BEGIN DATASET CONTENT

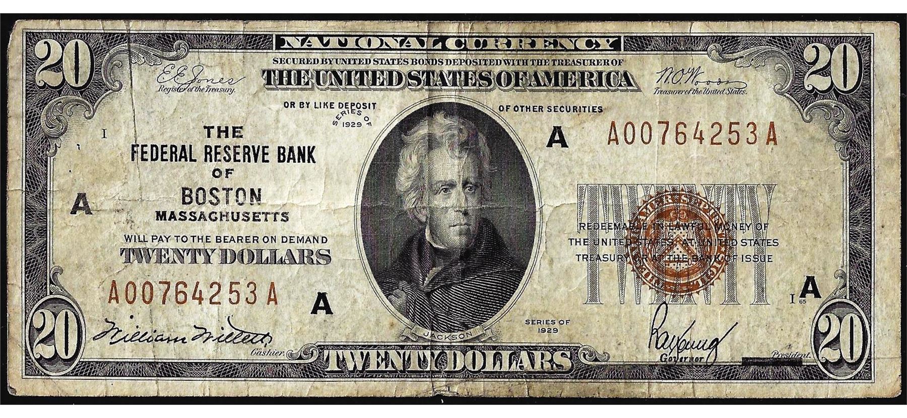 One 1929 $20 Federal Reserve Bank Note Boston.
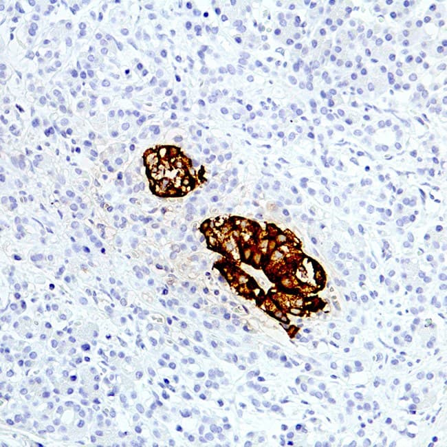 Alta especificidad y reproducibilidad: Los anticuerpos anti-insulina con certificación CE/IVD se desarrollan y validan para garantizar un reconocimiento sólido de los péptidos de insulina humana en tejidos fijados en formalina, produciendo una tinción reproducible con una reactividad cruzada mínima. Estos anticuerpos localizan de manera confiable la insulina en las células β y en las células tumorales productoras de insulina, apoyando una interpretación histopatológica precisa.
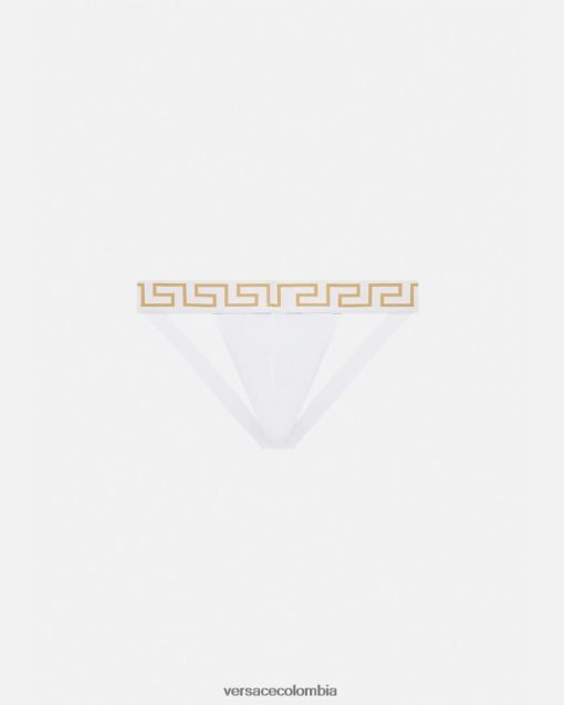 suspensorio de algodón elástico, con el icónico patrón de greca en una cinturilla elástica.
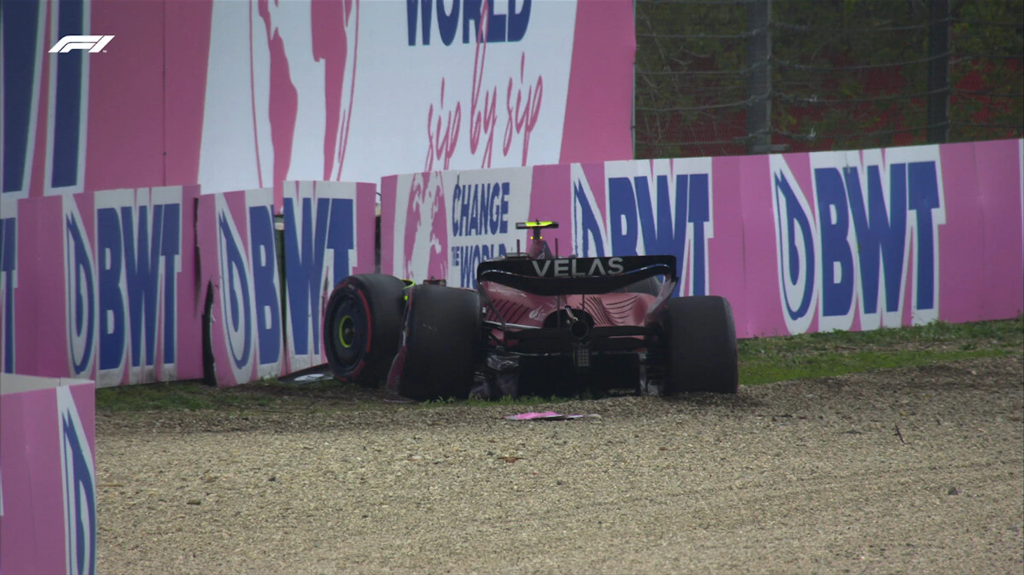 Гонщик «Феррари» Карлос Сайнс попал в аварию в квалификации к Гран-при Эмилии-Романьи.
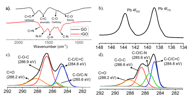 Figure 3. (a)GO和dGO(不含PbO)的FTIR光譜圖;(b)Pb 4f的XPS分析;(c)GO和(d)dGO在C 1s區域的XPS分析。
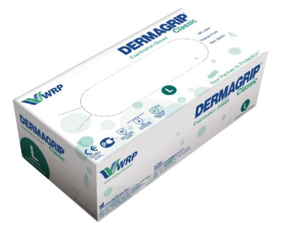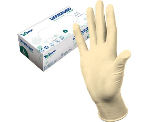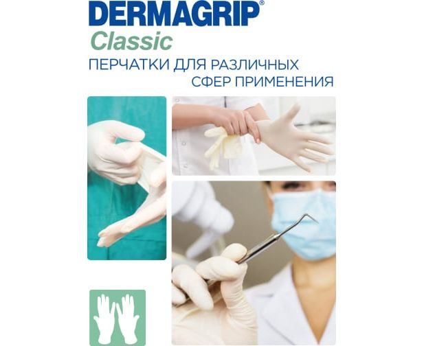 Смотровые латексные перчатки DERMAGRIP CLASSIC 100 штук, размер L CT0000000692 – высококачественные латексные неопудренные перчатки предназначены для процедур клинического-диагностического характера, в медицине и стоматологии.
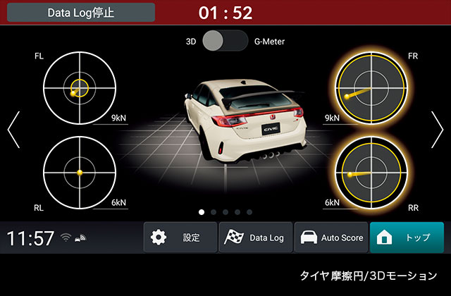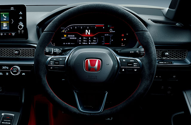 TYPE R専用データロガーアプリ「Honda LogR」を車載ナビに標準装備。走行データの保存に加えて、データを自動解析しスコア化する革新的な機能を採用し、日常シーンからTYPE Rと対話しながら質の高い運転・挙動を目指すことができる。また、自動ラップタイム計測を備えた本格的なサーキット走行データ解析機能も搭載する。さらに、国内13か所のJAF/FIA公認サーキットでスピードリミッターを解除可能。
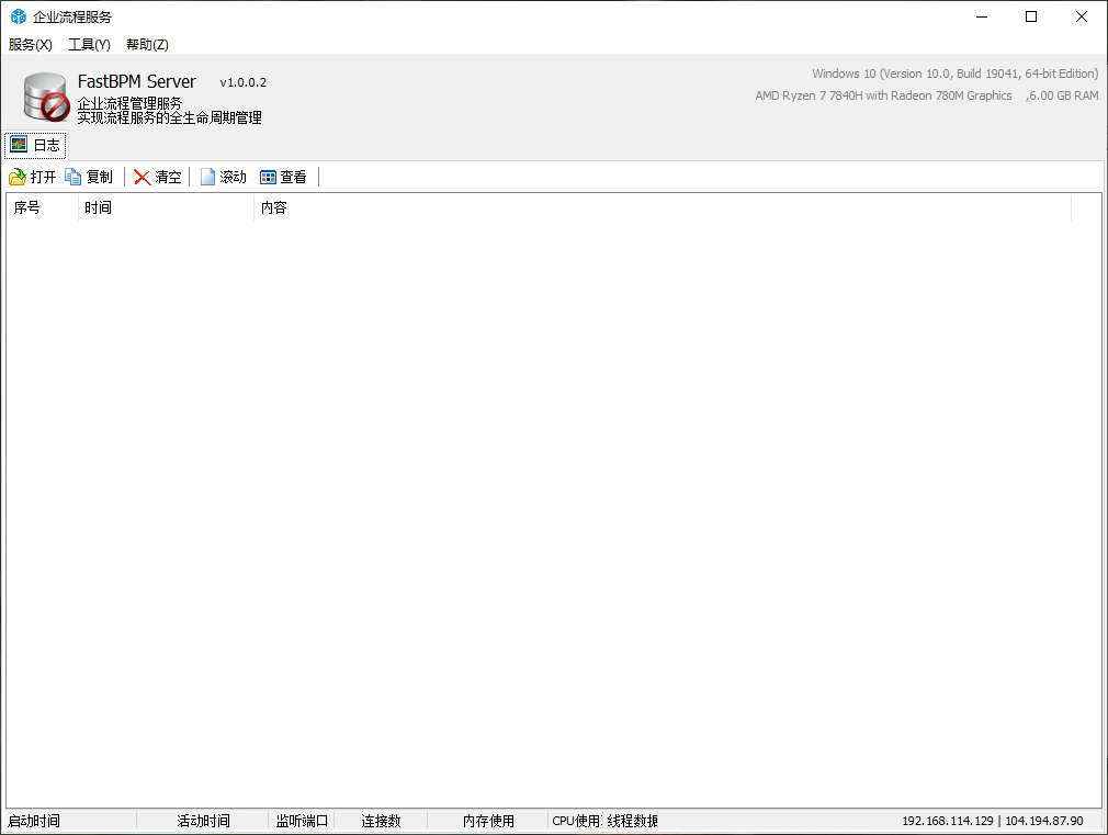 使用滑鼠左鍵雙擊FastBPM_Server程式的快捷方式。打開FastBPM_Server的運行畫面。

END DATASET CONTENT

## WHAT THIS TASK INVOLVES
Each entry above is to be duplicated exactly, and its pictures omitted.

## TASK RESPONSE
 One 1929 $20 Federal Reserve Bank Note Boston.
 Alta especificidad y reproducibilidad: Los anticuerpos anti-insulina con certificación CE/IVD se desarrollan y validan para garantizar un reconocimiento sólido de los péptidos de insulina humana en tejidos fijados en formalina, produciendo una tinción reproducible con una reactividad cruzada mínima. Estos anticuerpos localizan de manera confiable la insulina en las células β y en las células tumorales productoras de insulina, apoyando una interpretación histopatológica precisa.
 suspensorio de algodón elástico, con el icónico patrón de greca en una cinturilla elástica.
 Гонщик «Феррари» Карлос Сайнс попал в аварию в квалификации к Гран-при Эмилии-Романьи.
 Figure 3. (a)GO和dGO(不含PbO)的FTIR光譜圖;(b)Pb 4f的XPS分析;(c)GO和(d)dGO在C 1s區域的XPS分析。
 Смотровые латексные перчатки DERMAGRIP CLASSIC 100 штук, размер L CT0000000692 – высококачественные латексные неопудренные перчатки предназначены для процедур клинического-диагностического характера, в медицине и стоматологии.
 TYPE R専用データロガーアプリ「Honda LogR」を車載ナビに標準装備。走行データの保存に加えて、データを自動解析しスコア化する革新的な機能を採用し、日常シーンからTYPE Rと対話しながら質の高い運転・挙動を目指すことができる。また、自動ラップタイム計測を備えた本格的なサーキット走行データ解析機能も搭載する。さらに、国内13か所のJAF/FIA公認サーキットでスピードリミッターを解除可能。
 使用滑鼠左鍵雙擊FastBPM_Server程式的快捷方式。打開FastBPM_Server的運行畫面。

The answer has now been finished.